Оперуполномоченному МТБ по ОЛП-17 было дано задание: выяснить, не имел ли заключенный номер Е-275 до своего ареста или находясь уже в лагере каких-либо контактов с гражданкой Понсо? Фотография этой Понсо на всякий случай прилагалась.
Однако Комский, когда опер показал ему фотографию Нины, сказал только, что это, кажется, та самая женщина, которая стояла тогда у дороги. Но он повторял, что прежде этой женщины нигде не встречал. Ничего-де не говорила ему и ее фамилия.
Тогда уполномоченный достал из ящика стола журнал регистрации почтовых отправлений здешних заключенных на Материк. Заключенный Е-275 сделал таких отправлений два: письмо и посылку, которую он возвратил ее отправительнице, некой Понсо. Той же Понсо Н.Г. было адресовано и письмо Комского на Материк, правда, единственное. Фамилия женщины на фотографии, тождественность которой с проезжей, странным образом оказавшейся у дороги в спецлагерь, Е-275 не отрицает, тоже Понсо Нина Габриэлевна. Может быть, он теперь сумеет припомнить, в какой связи между собой находятся все эти факты?
Свое знакомство с Понсо Комский вынужден был припомнить. Да, она его бывшая студентка. Сознаваться в этом он не хотел потому, что боялся повредить этой девушке. По той же причине он отказался от переписки с ней. Об отправленной назад посылке Понсо гражданин оперуполномоченный знает сам. А вот зачем бывшая студентка биофака приехала на Колыму, этого ее бывший учитель знать не может.
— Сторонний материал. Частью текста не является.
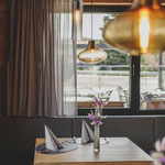 Il ristorante, accogliente e invitante, è suddiviso in diverse sale e combina lo stile alpino con accenti moderni nell'arredamento. Questo crea un'atmosfera accogliente che viene sottolineata da belle lampade, colori piacevoli e mobili raffinati. In estate, la pizzeria e il ristorante Hans possono essere apprezzati anche all'aperto.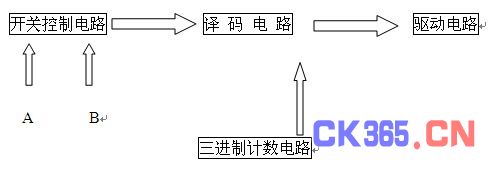 在本设计当中,比较困难的板块就是设计三进制计数器电路,还有控制电路以及它与译码器之间的连接问题是比较繁琐的,我认为在开关A端与译码器端口C连接,并且输出舍去Y3是很巧妙的。还有在译码器与驱动电路的连接中有一个小小的细节,就是按要求左边的指示灯应按左循环的方式闪烁,即是由D2到D0依次闪烁,于是译码器输出端口Y0、Y1、Y2应依次接指示灯D2、D1、D0。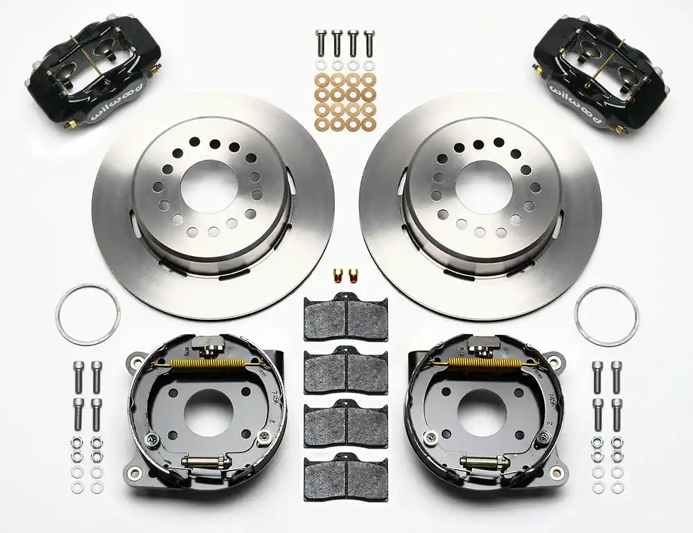 This group of FDL Pro-Series rear disc kits provides a complete solution for popular muscle car rear axles that require a parking brake. Forged billet Dynalite four piston calipers, 12.19” one-piece drum/rotors, and high friction pads provide optimized and balanced braking for all types of custom performance street/strip and show machines. The neatly hidden internal shoe system provides a clean installation with superior static holding power for parking. Optional caliper finishes and rotor designs enable the builder to personalize the style and optimize brake performance for every individual application.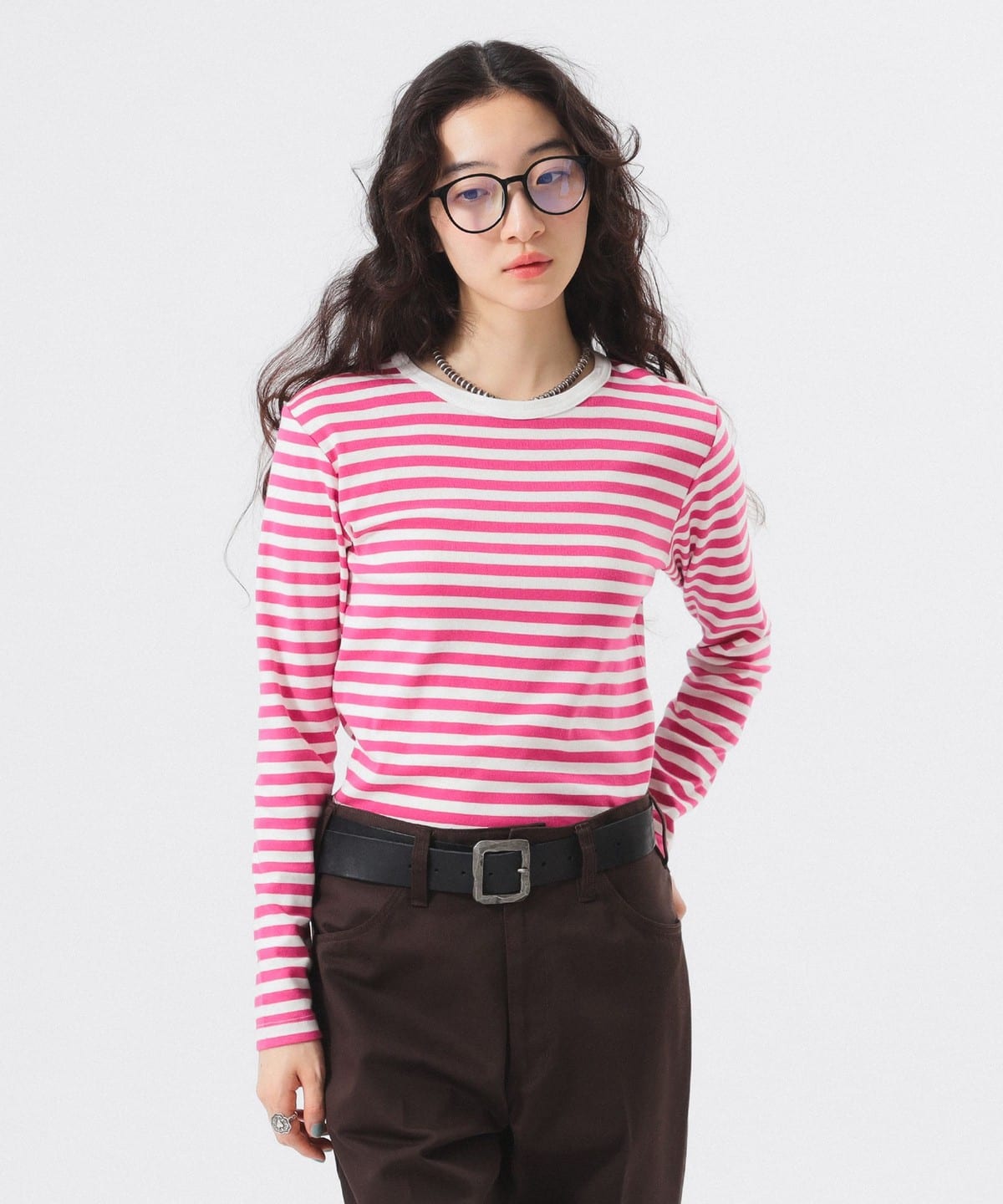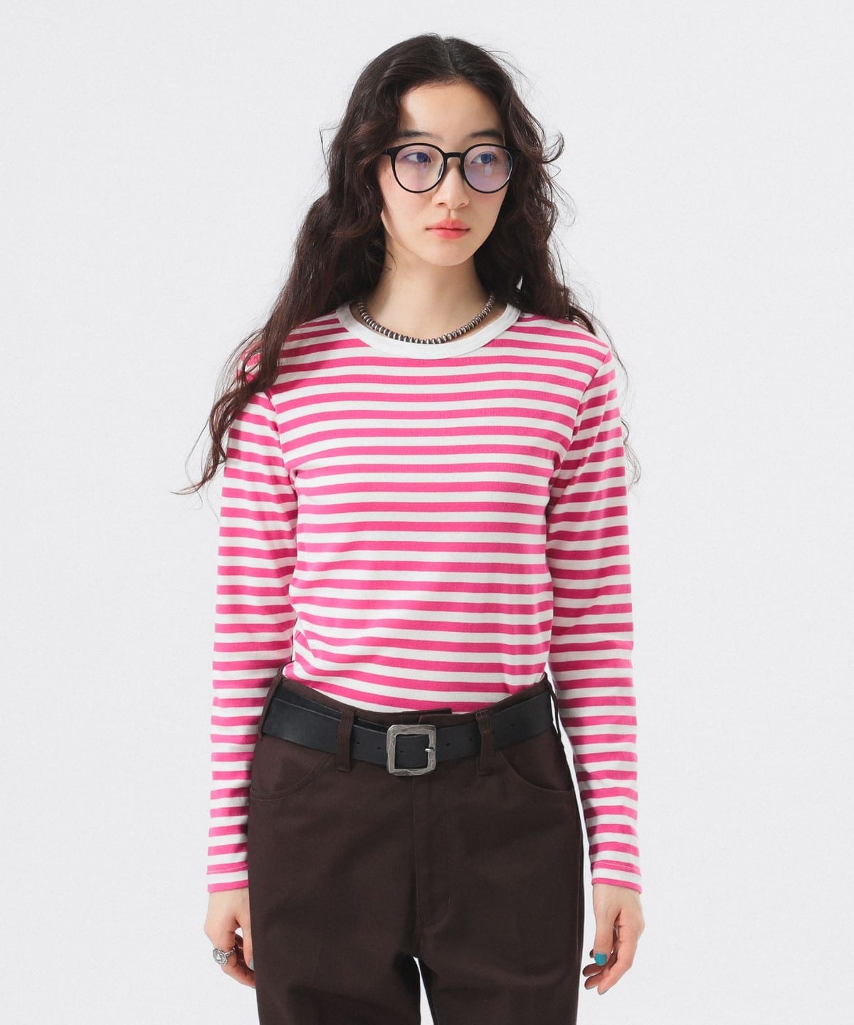 부드러운 촉감의 플라이스 원단을 사용해 적당한 핏의 긴팔 티. 몸에 자연스럽게 핏되는 슬림한 사이즈감으로 제작되었습니다.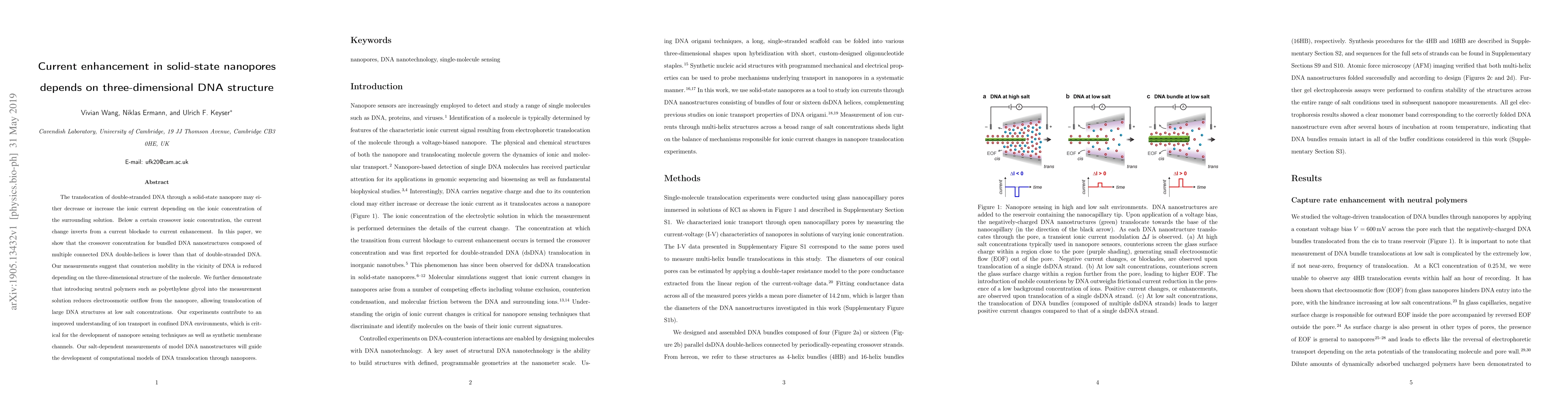 This paper investigates how the three-dimensional structure of DNA affects ionic current changes during its translocation through solid-state nanopores, revealing that bundled DNA structures exhibit lower crossover ionic concentrations for current enhancement compared to single double-stranded DNA. The study also shows that neutral polymers can facilitate DNA translocation at low salt concentrations.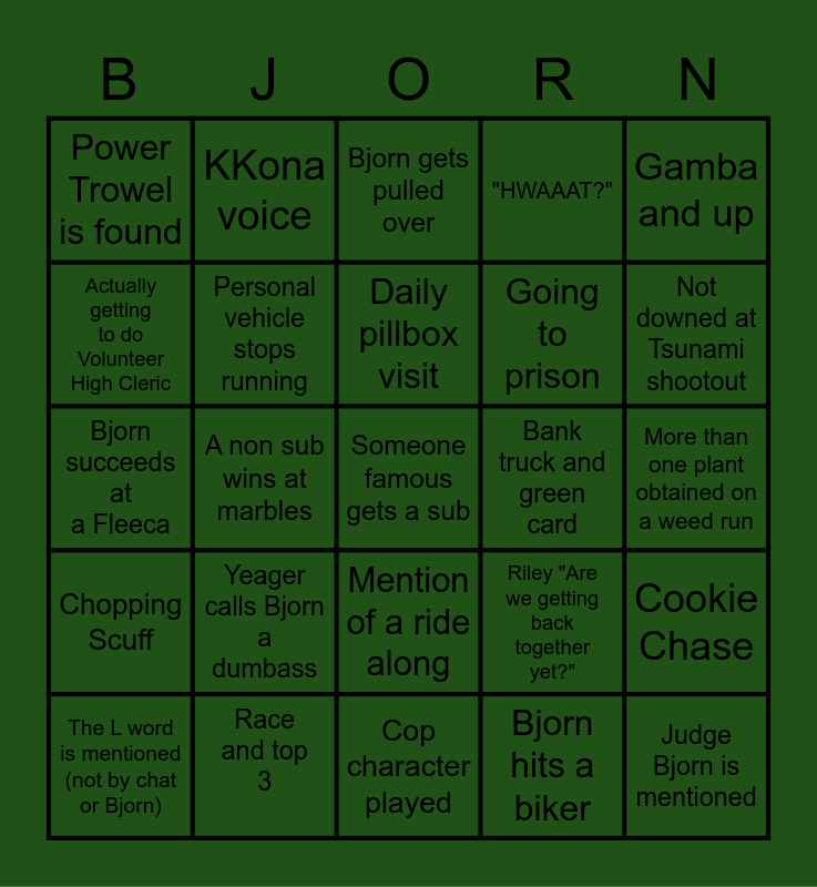 This bingo card has a free space and 24 words: Yeager calls Bjorn a dumbass, Race and top 3, Daily pillbox visit, The L word is mentioned (not by chat or Bjorn), Gamba and up, Power Trowel is found, Actually getting to do Volunteer High Cleric, KKona voice, Bank truck and green card, Mention of a ride along, Going to prison, Bjorn succeeds at a Fleeca, Riley "Are we getting back together yet?", Cookie Chase, Personal vehicle stops running, Bjorn hits a biker, More than one plant obtained on a weed run, Bjorn gets pulled over, Not downed at Tsunami shootout, A non sub wins at marbles, Judge Bjorn is mentioned, Chopping Scuff, "HWAAAT?" and Cop character played.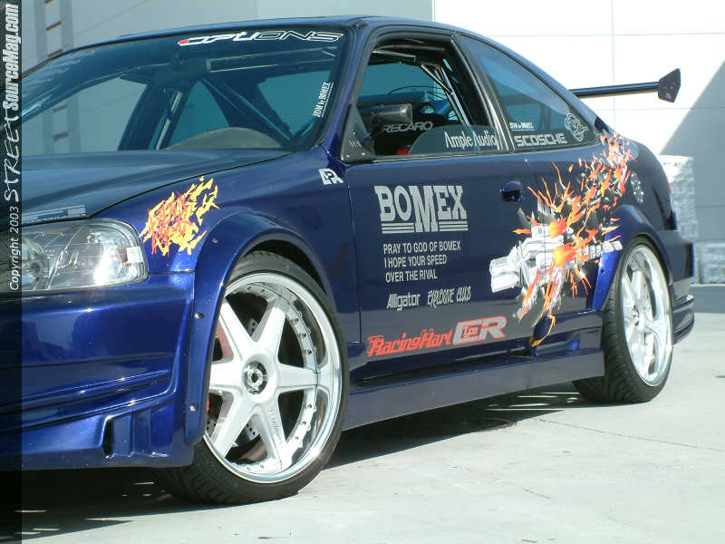 Once the car was striped of the masking tape and buffed to a high gloss, TG Graphics applied Bomex JDM Graphics to the car. To add to the exterior attire a Corvis Aluminum wing and APR Formula 3 carbon fiber mirrors were installed. To ensure proper lighting at night a set of Phillips HID conversions were installed.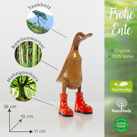 Dekorative Entenfigur ist ein feines Schmuckstück für Ihre Innenausstattung! Jede hölzerne Ente ist ein Unikat und wird von indonesischen Schnitzmeistern in liebevoller Handarbeit gefertigt.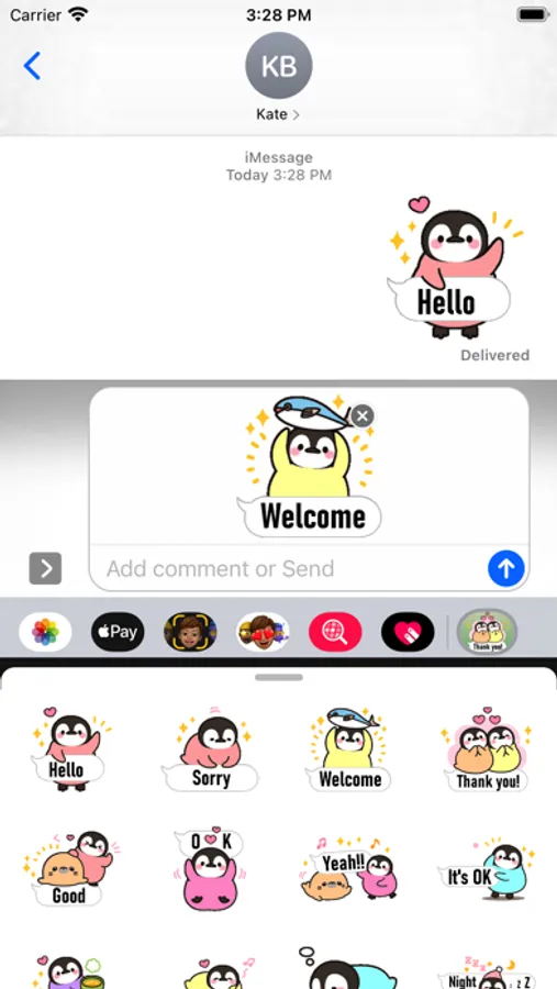 Fun and Cute with "Cute Penguin 7 stickers" pack. It is always ready to add more emotion to your text.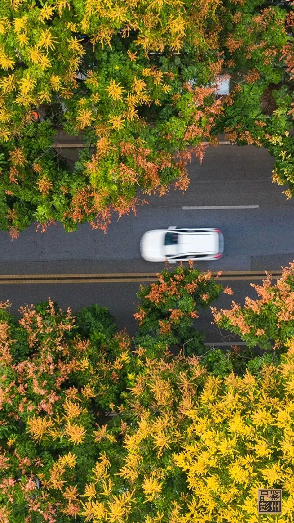 路两旁参天的梧桐树,将被染成灿烂又温暖的颜色,阳光透过细密的枝叶,洒下斑驳的光影,好像一条穿越时光的隧道。她们所见证和守护的,或许是这里曾经的故事,直到后人沿着历史的脉络,读懂了她的诗意,彭州也就随之来到了秋天最美的时刻。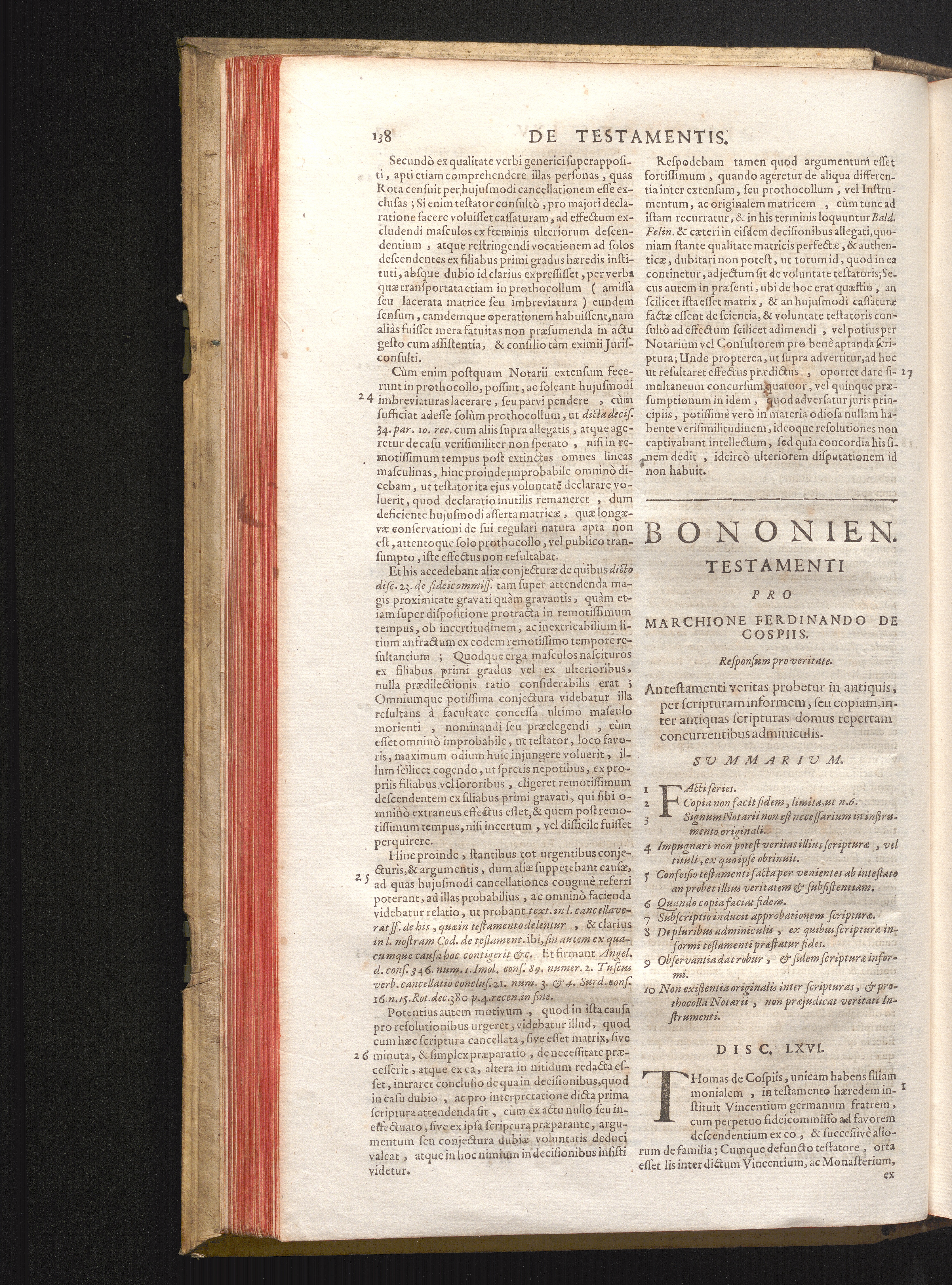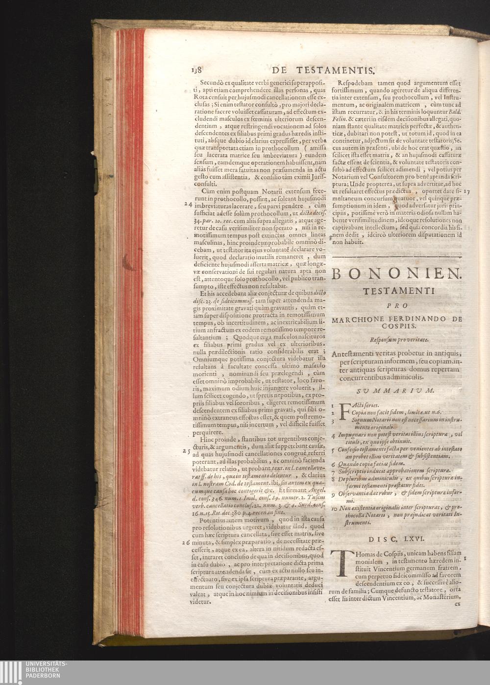 Disc. LXVI. Bononien. testamenti. An testamenti veritas probetur in antiquis, per[...]

Опер записывал показания Комского в протокол допроса с таким видом, с которым говорят: «Знаем мы вас Пока к стенке не припрешь, ни в чем не сознаетесь» Поэтому по поводу заверений допрашиваемого, что тот ничего не знает о причинах появления здесь гражданки Понсо, уполномоченный, отпуская Е-275, сказал по своему обыкновению:
Это мы еще проверим
Но и того, чего он добился от Комского, было вполне достаточно, чтобы уличить эту гражданку в сознательном обмане органов МВД. Теперь Понсо была подвергнута допросу уже по всей форме, с фиксацией ответов на такие вопросы, как состояла ли она прежде под судом и следствием? Но особенно оскорбительным показался Нине вопрос, находилась ли она в интимной связи с доцентом Комским в свою бытность его студенткой? Магаданский оперчекотдел интересовался также тем, признаёт ли Понсо осужденные советской наукой фашистские воззрения этого лжеученого? Не проповедует ли она этих взглядов в своей педагогической практике? Не имеет ли с репрессированным за контрреволюционную деятельность заключенным Комским какой-либо зашифрованной переписки и не по его ли тайному заданию она прибыла в район особого назначения?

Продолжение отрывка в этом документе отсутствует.